Aha, I didn't realize that clear_bit is atomic.  Oh, I guess
atomic_bitops.txt mentions that an RMW operation is atomic if there's a
separate '__' version.  Subtle. :(

> As it is, we probably want acquire semantics for the gc structure
> here (see below), so I think this likely should be:
> 
> 	/*
> 	 * Clear the cpu mask bit and ensure that we have seen the
> 	 * latest update of the gc structure associated with this
> 	 * CPU. This matches with the release semantics used when
> 	 * setting the cpumask bit in xfs_inodegc_queue.
> 	 */
> 	cpumask_clear_cpu(gc->cpu, &mp->m_inodegc_cpumask);
> 	smp_mb__after_atomic();

<nod>

> >  	WRITE_ONCE(gc->items, 0);
> >  
> >  	if (!node)
> > @@ -1862,7 +1864,7 @@ xfs_inodegc_worker(
> >  	nofs_flag = memalloc_nofs_save();
> >  
> >  	ip = llist_entry(node, struct xfs_inode, i_gclist);
> > -	trace_xfs_inodegc_worker(ip->i_mount, READ_ONCE(gc->shrinker_hits));
> > +	trace_xfs_inodegc_worker(mp, READ_ONCE(gc->shrinker_hits));
> >  
> >  	WRITE_ONCE(gc->shrinker_hits, 0);
> >  	llist_for_each_entry_safe(ip, n, node, i_gclist) {
> > @@ -2057,6 +2059,7 @@ xfs_inodegc_queue(
> >  	struct xfs_inodegc	*gc;
> >  	int			items;
> >  	unsigned int		shrinker_hits;
> > +	unsigned int		cpu_nr;
> >  	unsigned long		queue_delay = 1;
> >  
> >  	trace_xfs_inode_set_need_inactive(ip);
> > @@ -2064,12 +2067,16 @@ xfs_inodegc_queue(
> >  	ip->i_flags |= XFS_NEED_INACTIVE;
> >  	spin_unlock(&ip->i_flags_lock);
> >  
> > -	gc = get_cpu_ptr(mp->m_inodegc);
> > +	cpu_nr = get_cpu();
> > +	gc = this_cpu_ptr(mp->m_inodegc);
> >  	llist_add(&ip->i_gclist, &gc->list);
> >  	items = READ_ONCE(gc->items);
> >  	WRITE_ONCE(gc->items, items + 1);
> >  	shrinker_hits = READ_ONCE(gc->shrinker_hits);
> >  
> > +	if (!cpumask_test_cpu(cpu_nr, &mp->m_inodegc_cpumask))
> > +		cpumask_test_and_set_cpu(cpu_nr, &mp->m_inodegc_cpumask);
> > +
> >  	/*
> >  	 * We queue the work while holding the current CPU so that the work
> >  	 * is scheduled to run on this CPU.
> 
> I think we need release/acquire memory ordering on this atomic bit
> set now. i.e. to guarantee that if the worker sees the cpumask bit
> set (with acquire semantics), it will always see the latest item
> added to the list. i.e.
> 
> 	/*
> 	 * Ensure the list add is always seen by anyone that
> 	 * find the cpumask bit set.
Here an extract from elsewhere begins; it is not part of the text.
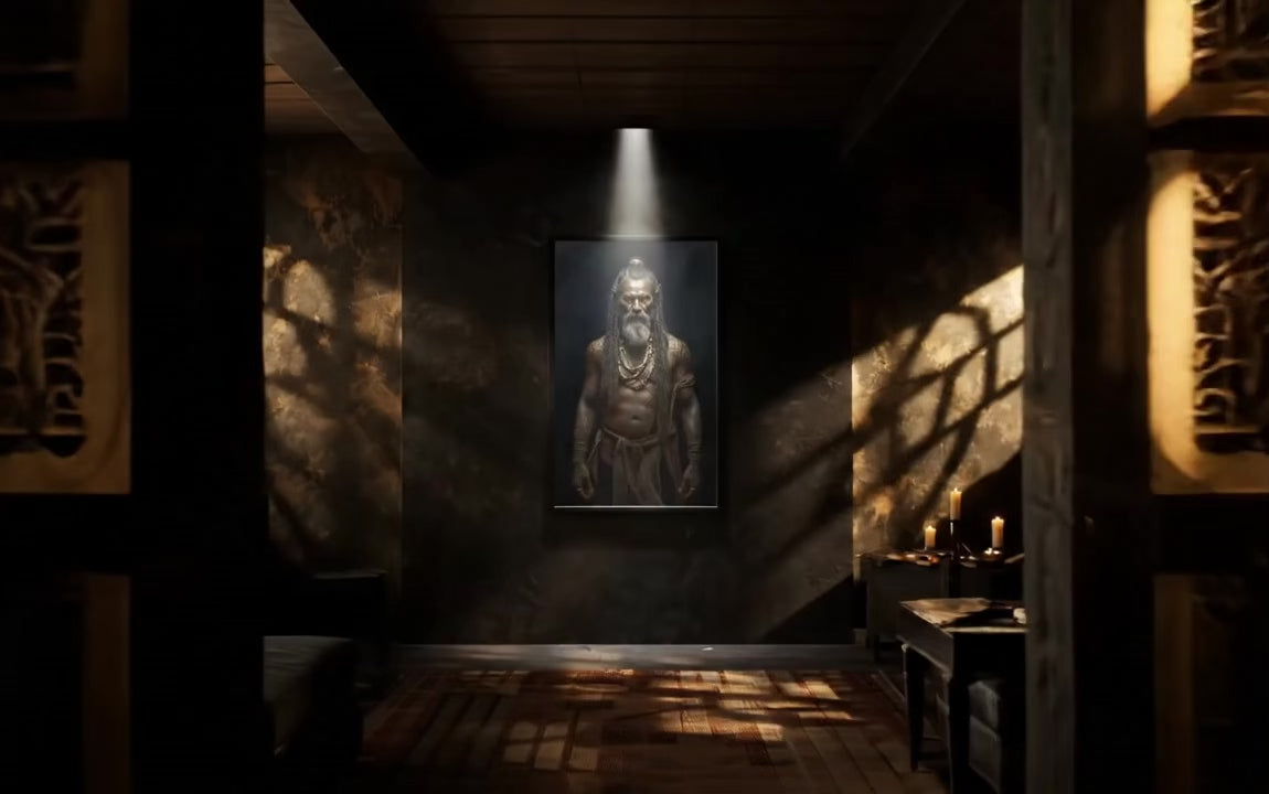 - Motiv: Dark Boho Krieger – detailliertes, kraftvolles Porträt

This effectively gives
> 	 * the cpumask bit set operation release ordering semantics.
> 	 */
> 	smp_mb__before_atomic();
> 	if (!cpumask_test_cpu(cpu_nr, &mp->m_inodegc_cpumask))
> 		cpumask_test_and_set_cpu(cpu_nr, &mp->m_inodegc_cpumask);

<nod>

> Also, same comment about put_cpu() vs put_cpu_var() as the last patch.

<nod>

> Otherwise this seems sane.

Thanks!
--D

> -Dave.
> 
> -- 
> Dave Chinner
> david@fromorbit.com